Percona MongoDB instance don't launch with replicas after downtime

dung-tien-nguyen · August 7, 2023, 3:59am

Description:

With Percona server Mongodb in k8s using Operator,
After a case of unexpected full node downtime, the pods are back running but do not join replicas and are in a ghost state.
Does Percona have any solution, what is the manual solution to fix this problem, please help me…

Steps to Reproduce:

Shutdown k8s node or using kubectl delete --force all_pod_in_rs

Version:

I’m using Operator 1.14.0, MongoDB server 6.0.4-3

Logs:

When exec into pod, run cmd: rs.status(), output: MongoServerError: Our replica set config is invalid or we are not a member of it

Expected Result:

A automate solution or manual solution while waiting for roadmap

Actual Result:

Additional Information:

Sergey_Pronin · September 1, 2023, 7:54am

Hello @dung-tien-nguyen ,

I was not able to reproduce it with the same versions. Killed the Pods multiple times, can connect and cluster is healthy.

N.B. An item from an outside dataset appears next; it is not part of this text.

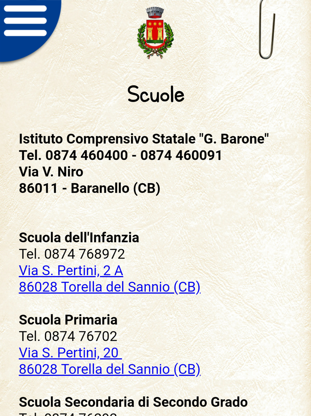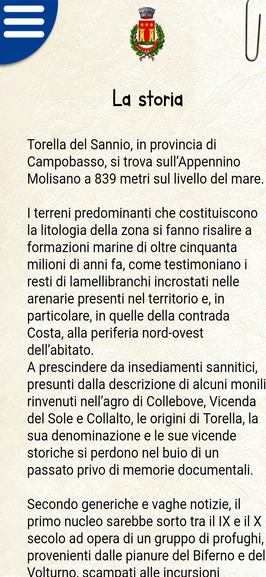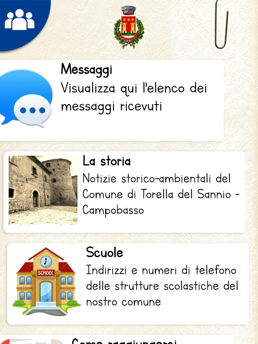 Attraverso l'app ufficiale del Comune di Torella del Sannio potrai essere sempre aggiornato su ciò che accade nel paese, per gli eventi, le sagre, ma potrai anche dialogare con il comune. Infatti attraverso la sezione modulistica è possibile inviare le tue richieste direttamente all'amministrazione comunale. Avrai a disposizione tutti i servizi al cittadino, a portata di cellulare. Ma se sei arrivato da poco nella città di Torella del Sannio, l'app ti indicherà i posti più significativi da visitare. Il virtuoso comune ecofriendly di Torella del Sannio inoltre è molto sensibile al tema della raccolta differenziata e nell'app troverai una sezione apposita per conoscere le regole e i calendari della raccolta, e anche dove ritirare gratuitamente i sacchetti. Se vuoi visitare Torella del Sannio ma non sai come, l'app ti trova anche la strada giusta!

It also important to connect to a replicaset in the right way - for example:

mongosh "mongodb+srv://clusterAdmin:clusterAdmin123456@my-cluster-name-rs0.default.svc.cluster.local/admin?replicaSet=rs0&ssl=false"

What is psmdb object showing and Pods?

kubectl get pods
kubectl get psmdb

dung-tien-nguyen · September 1, 2023, 3:24pm

This error occurs when specifying the clusterServiceDNSMode=External value, and exposing using the NodePort or LoadBalancer service.
clusterServiceDNSMode=Internal does not have this problem. @Sergey_Pronin

Sergey_Pronin · September 4, 2023, 10:23am

@dung-tien-nguyen you are right, it does not work that way.
In the next release of the operator (coming in September), we will have split horizon feature. Thus you can have clusterServiceDNSMode=Internal, but at the same time use loadbalancers. This should address it.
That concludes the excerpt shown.